Dyslexia & The Reading Wars

David Owen:

To become literate, people have to repurpose parts of the brain that evolved to perform other tasks, such as object recognition and sound processing. “What we have to do, over the course of learning to read, is coördinate these areas to communicate with each other and build what we call a reading network,” Gaab said. The areas are connected by axon bundles, which she likened to highways. The French neuroscientist Stanislas Dehaene, in his book “Reading in the Brain,” writes, “Scientists can track a printed word as it progresses from the retina through a chain of processing stages, each of which is marked by an elementary question: Are these letters? What do they look like? Are they a word? What does it sound like? How is it pronounced? What does it mean?”

Sometimes the axon highways almost seem to pave themselves. My daughter, Laura, began to read all of a sudden, the summer before kindergarten. (“It’s hard to believe that ‘knock’ starts with ‘k,’ ” she said, while following along as I read her a bedtime story about Amanda Pig.) But even she didn’t become a reader entirely on her own. All children have to learn the relationships between letters and meaningful sounds. For some it’s harder than for others. “Maybe instead of four lanes you have two,” Gaab said, “or instead of a smooth surface you have a bumpy one.” Caroline had a large vocabulary, and she was read to as often as Laura was, both at home and at school, and there were just as many colorful plastic alphabet magnets stuck to the refrigerator in her kitchen. But she needed teachers who understood that literacy doesn’t happen naturally, especially for children with dyslexia.

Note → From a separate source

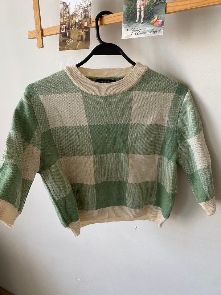 Yeşil ekose desenli triko kazak, yuvarlak yaka ve midi kollu.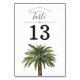 Um cartão de número de mesa de casamento inspirado na praia com uma imagem de aquarela de uma única palmeira costeira.

A decade ago, Emily Hanford, a senior correspondent at American Public Media, was researching a story about college-level remedial-reading classes. She became interested in dyslexia and then in literacy generally, and in 2022 she produced an immensely influential podcast series, “Sold a Story,” about reading instruction in American schools. The central argument is that teachers all over the country employ instructional methods and materials that were proved, long ago, to be not just ineffective but counterproductive. Such methods, Hanford demonstrated, are based on a fundamental misunderstanding of how children learn to read. They direct beginning readers to look for hints in illustrations and to make deductions based on context, word length, plot, and other cues, with only incidental reliance on the sounds represented by letters. The idea is that, as children become adept at deduction, the mechanical side will, in effect, take care of itself.